Apenas. Herbert, de Noronha y Kamper (2011) reunieron 12 estudios aleatorizados en una revisión Cochrane y convirtieron los efectos a una escala común de 100 puntos. Estirar antes del ejercicio redujo el dolor del día siguiente en aproximadamente medio punto, estirar después en aproximadamente un punto, y estirar antes y después redujo el dolor máximo durante una semana en menos de cuatro puntos. Los autores concluyeron que el estiramiento no produce reducciones clínicamente importantes del dolor muscular de aparición tardía. Estira porque quieres rango de movimiento, no porque esperes alivio.
¿Es mejor descansar o hacer recuperación activa con dolor muscular?

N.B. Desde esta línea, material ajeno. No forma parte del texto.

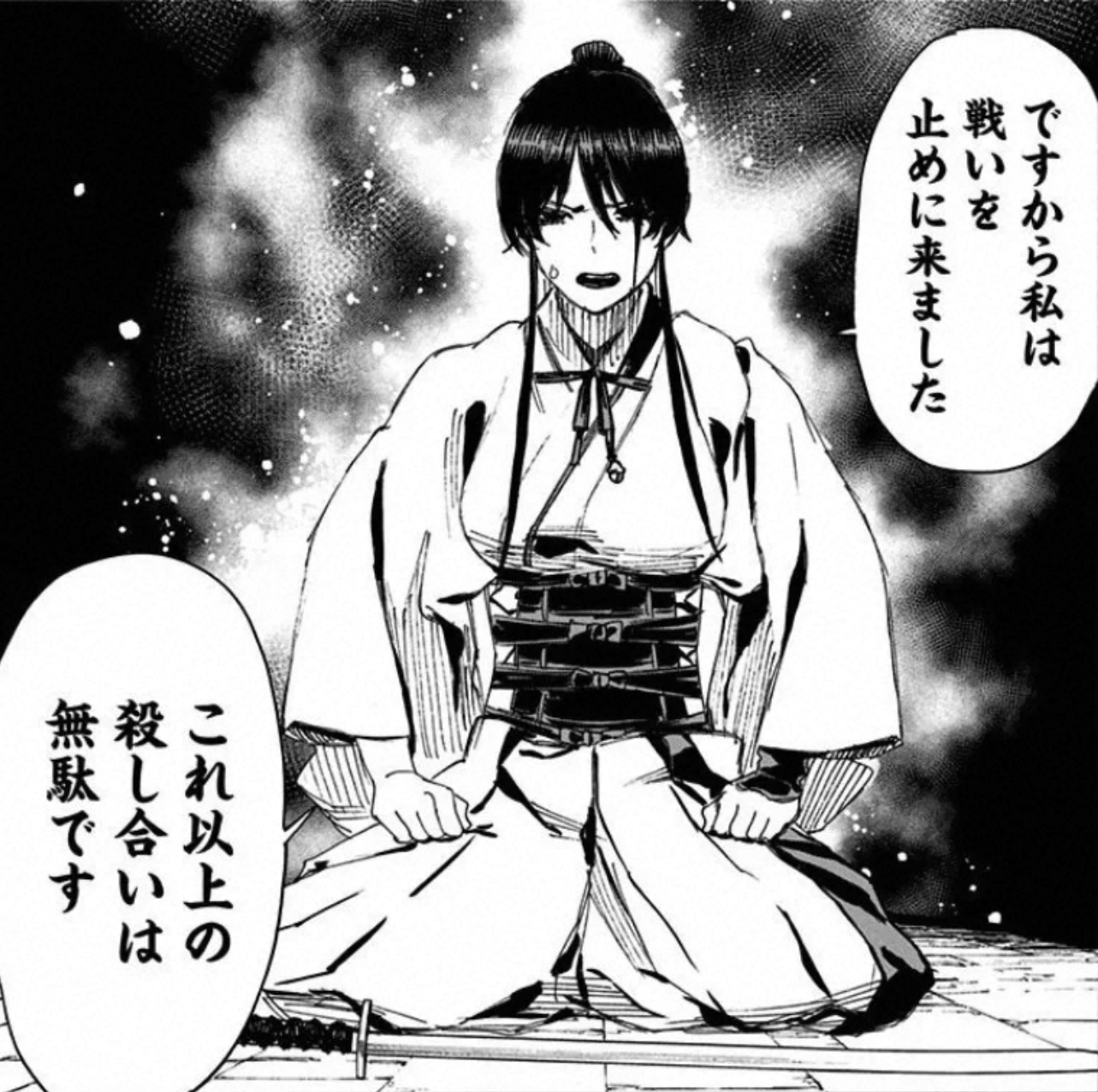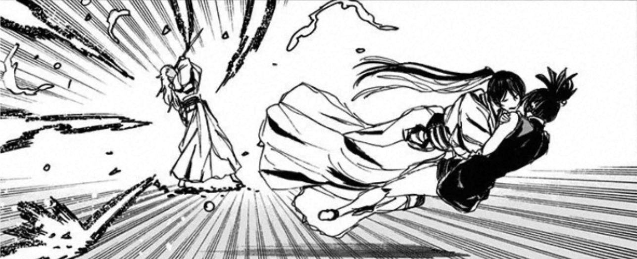 Genji voit Rokurōta sur le point d'attaquer et pousse Sagiri sur le chemin. Rokurōta envoie Genji s'écraser et Sagiri court à son aide, sans savoir que Rokurōta est sur le point d'attaquer. Heureusement, Gabimaru arrive et envoie le géant s'écraser d'un coup de pied. Sagiri se rend tristement compte qu'Eizen n'est pas avec lui, ce qui signifie qu'il a été tué. Gabimaru dit à Sagiri de se replier pour ne pas se mettre en danger. Sagiri déplace Genji vers un emplacement de sauvegarde pour soigner ses blessures. Genji lui dit que cela ne servait à rien et lui donne la permission de le laisser derrière, mais Sagiri refuse. Genji a trouvé déroutant la façon dont Sagiri a agi comme un homme plus tôt, mais agit maintenant comme une femme. Sagiri se fichait de savoir si elle jouait l'un ou l'autre tant qu'elle pouvait l'aider. En entendant ses paroles, Genji comprend enfin Sagiri et lui donne une de ses épées, faire confiance à Sagiri pour vaincre Rokurōta. Sagiri rejoint Gabimaru et parvient à couper l'un des doigts de Rokurōta. Les deux se demandent ensuite mutuellement leur aide au combat.
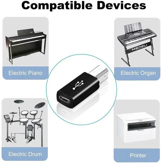 Compatibility For printer, scanner, fax, piano, MIDI, laptop and most USB C devices.
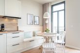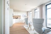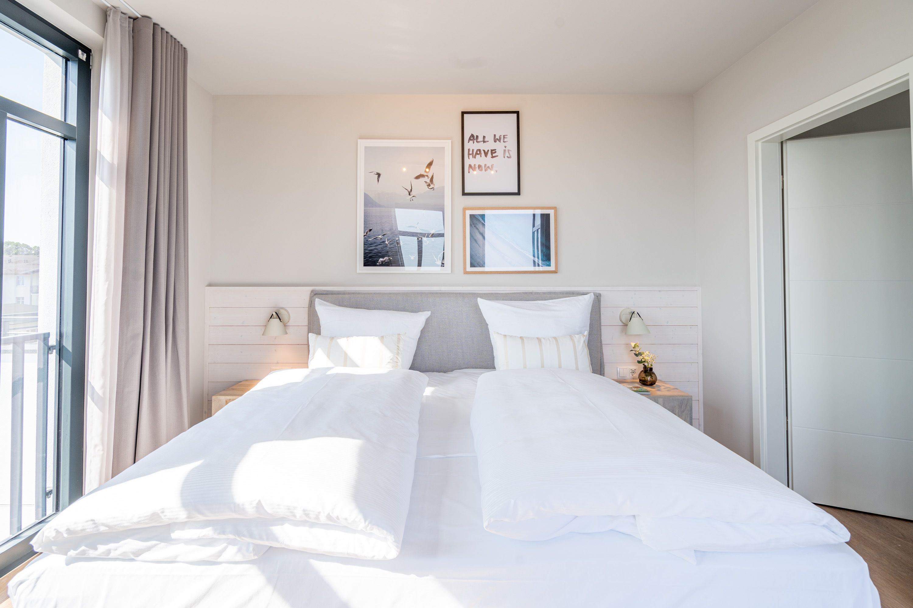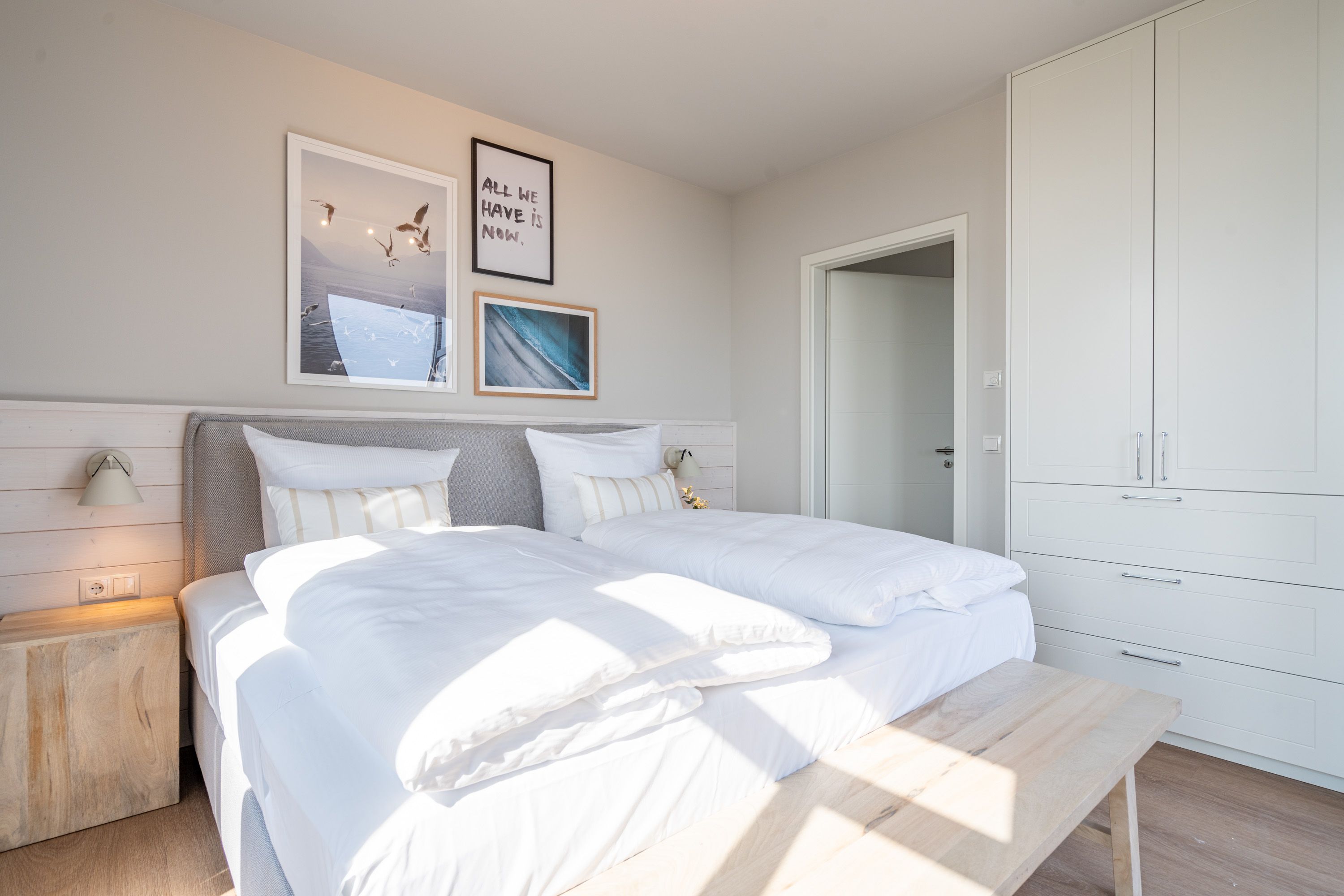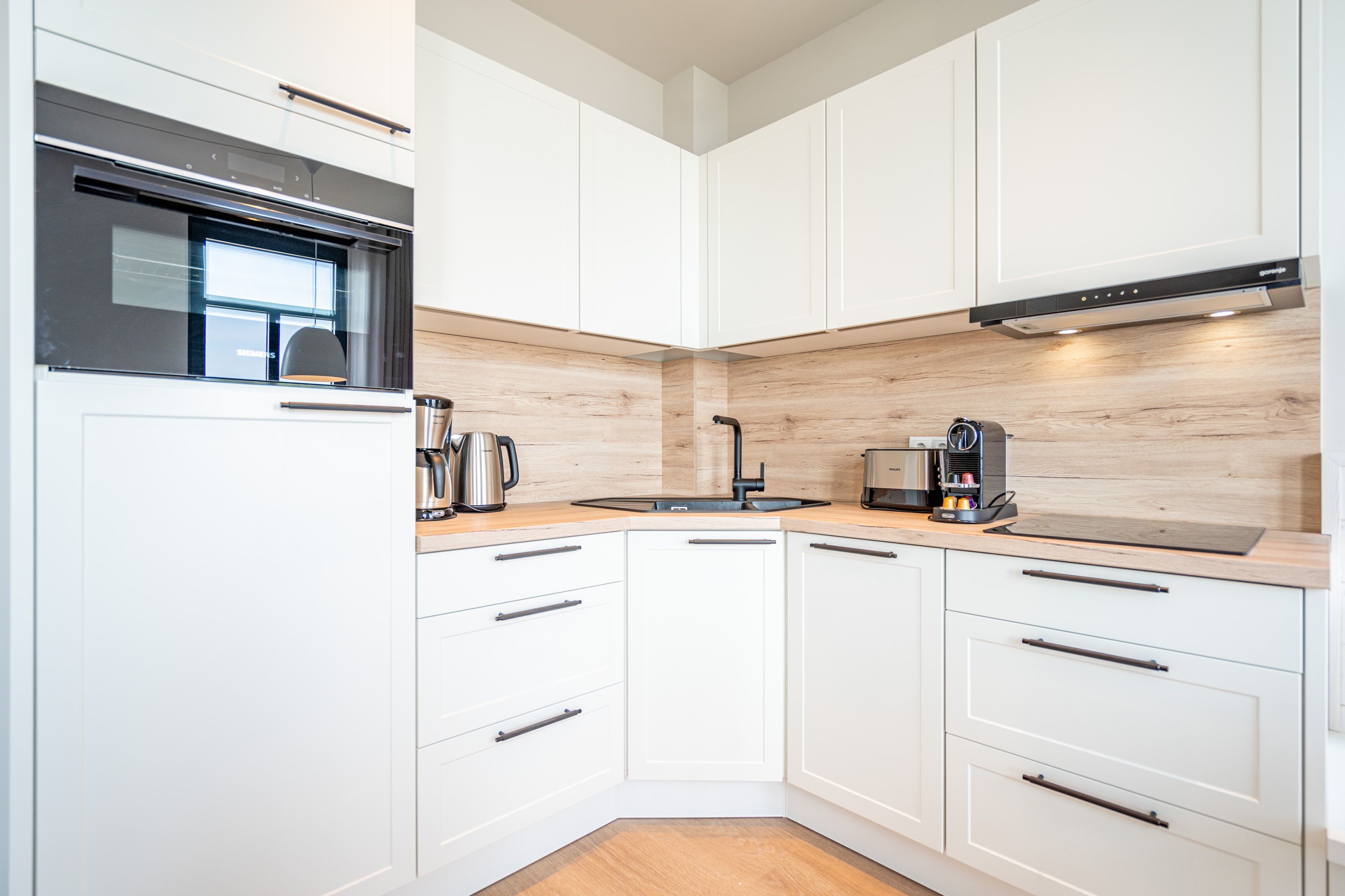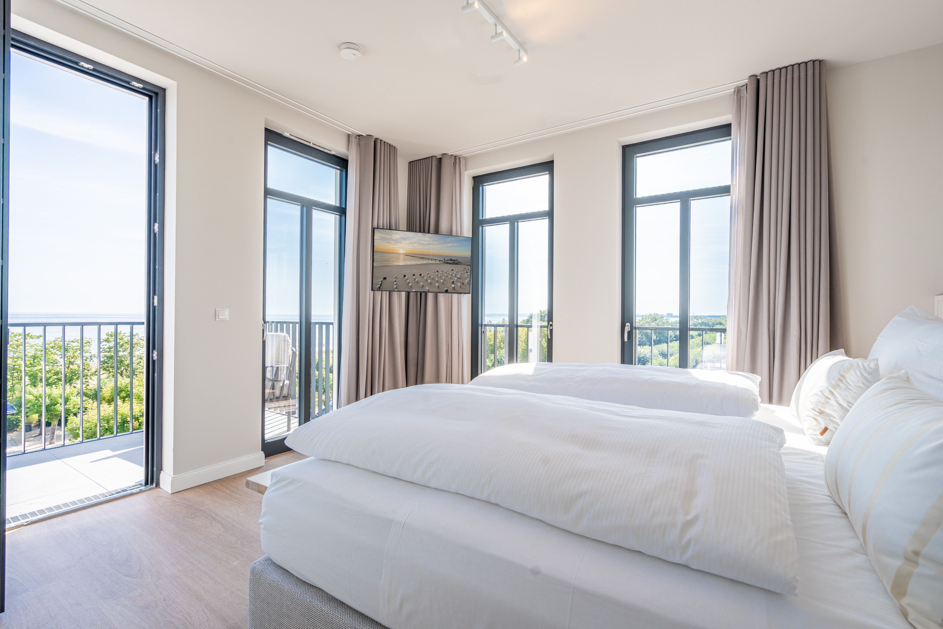 Visasvis der Seebrücke reicht der Blick aus dem exklusiven 2-Raum-Appartement A 3.4 (Haus A) in der 3. Etage von der Heringsdorfer Seebrücke bis nach Swinemünde. An Tagen mit klarer Seeluft sogar bis zu den weißen Klippen von Misdroy. Dieses kleine, aber feine Urlaubsdomizil wartet auf seinen 48 Quadratmetern mit viel Komfort und Finesse auf. Der offene Wohnbereich und das Schlafzimmer sind ideal für zwei Personen und sind ein Traum für alle Ostseeliebhaber. Denn von der werden Sie hier nicht genug bekommen. Nordisches Design gibt beim Interieur den Ton an. Modern und hyggelig zugleich. Genießen sie aus den stylischen, drehbaren Relaxsesseln die Füße auf bequeme Hocker ausgestreckt den fantastischen Blick aufs Meer. Ein Elektrokamin (ohne Wärmeabgabe) sorgt zudem für eine heimelige Atmosphäre. Sogar im Sommer. Ein 50-Zoll-Flachbildfernseher steht für Ihre Unterhaltung zur Verfügung. Die offene Küchenzeile ist mit einem Backofen, einem 3-Platten-Induktionskochfeld, einer Spülmaschine, einer Nespresso-Kapselmaschine und vielem mehr komplett ausgestattet. Hier fehlt es an nichts, um raffinierte Gerichte zu zaubern und sie anschließend am schönen Esstisch gemeinsam einzunehmen. Nur einen Schritt aus dem bodentiefen Fenster hinaus und Sie stehen auf dem ersten Ost-Balkon mit einem Beistelltisch, zwei Sesseln und einer Gartenliege. Entspannen Sie hier bei Sonnenschein und atmen die energieaufladende Brise, die direkt vom Wasser herüberweht, tief ein. Das Schlafzimmer verspricht im luxuriösen Boxspringdoppelbett (2,00m x 2,00m) wunderbare Stunden der Ruhe. Hier befindet sich ein großer Kleiderschrank und ein weiterer 43-Zoll-Flachbildfernseher. Mit Meerblick aufwachen, das ist doch purer Luxus. In diesem charmanten Appartement gehört er zur Grundausstattung dazu. Kaum aus dem Bett, können Sie vom Schlafzimmer aus auf dem zweiten Balkon (Richtung Ost) die aufgehende Sonne begrüßen. Denn auf Usedom entsteigt sie jeden Morgen der Ostsee. Das innenliegende Bad ist mit einer Dusche, einem Waschtisch und einer Toilette ausgestattet. Zur Wohnung gehört in der Tiefgarage ein PKW-Stellplatz. Genießen Sie in diesem wunderschönen Urlaubsparadies unvergessliche Tage am Meer.
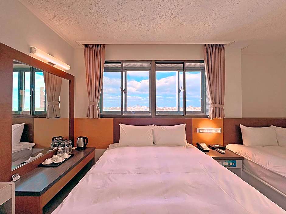The room is clean. The staff are very nice and friendly, and the location is quite convenient—close to the main street (中正路). There’s free drinking water available on the first floor. The free breakfast is good, and they also offer a free round-trip airport pickup service, which is a big plus!
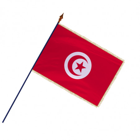 • Drapeau Tunisie avec frange argenté et fixé sur sa hampe (Officiel)
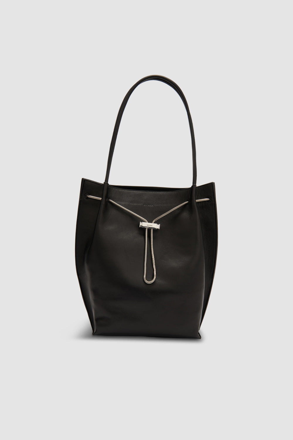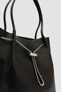 Soft tote bag featuring a wide base and tubular leather shoulder straps. Designed with an adjustable chain and custom toggle closure, accented by branded metal hardware. Interior includes a large branded leather patch pocket and is lined with soft micro suede for a refined finish. DETAILS - Soft tote bag with wide base - Tubular leather shoulder straps - Adjustable chain and custom toggle closure - Branded metal hardware - Large interior branded leather patch pocket 183x90mm - Micro suede lining - Made in Bulgaria SIZE AND FIT - Height: 32 cm - Width: 22 cm - Depth: 11 cm - Handle Drop: 22 cm - Strap Length: 53.5 cm

El movimiento ligero es mejor para cómo te sientes, y neutro para cómo te curas. Zainuddin, Sacco, Newton y Nosaka (2006) encontraron que el ejercicio concéntrico ligero reducía el dolor y la sensibilidad en aproximadamente un 40 por ciento inmediatamente después, pero no cambiaba nada de la recuperación subyacente a lo largo de siete días. Así que una caminata de 20 a 40 minutos, un paseo suave en bicicleta o una sesión ligera de movilidad valen la pena porque hacen el día más cómodo. Solo no esperes que aceleren la reparación.
¿Cómo sé si es dolor muscular o una lesión?
El dolor muscular es difuso, simétrico, peor entre 24 y 72 horas después de la sesión, se siente en el vientre muscular, y se alivia al calentar. Una lesión tiende a ser aguda, unilateral, ubicada en un punto específico o cerca de una articulación, a menudo aparece de repente durante la sesión, y empeora en lugar de mejorar al moverte. Hinchazón, moretones, chasquidos, fallos de la articulación o entumecimiento no son dolor muscular. Y un dolor e hinchazón severos y desproporcionados respecto al entrenamiento, con pérdida marcada de fuerza u orina de color cola oscura, necesita evaluación médica el mismo día en lugar de una decisión de entrenamiento.
¿Cuánto debo esperar para entrenar el mismo músculo tras el dolor muscular?
Unas 48 horas entre sesiones intensas para el mismo grupo muscular es el estándar práctico, y un dolor residual leve en ese punto no es motivo para esperar más. Lo que debería guiar la decisión es el rendimiento. Si tus cargas y repeticiones se mantienen en la siguiente sesión, el intervalo es suficiente. Si bajan a lo largo de dos semanas, añade un día o reduce el volumen. Un dolor que sigue siendo severo después de 72 horas normalmente significa que la sesión anterior fue demasiado novedosa o demasiado larga, no que necesites un programa permanentemente más ligero.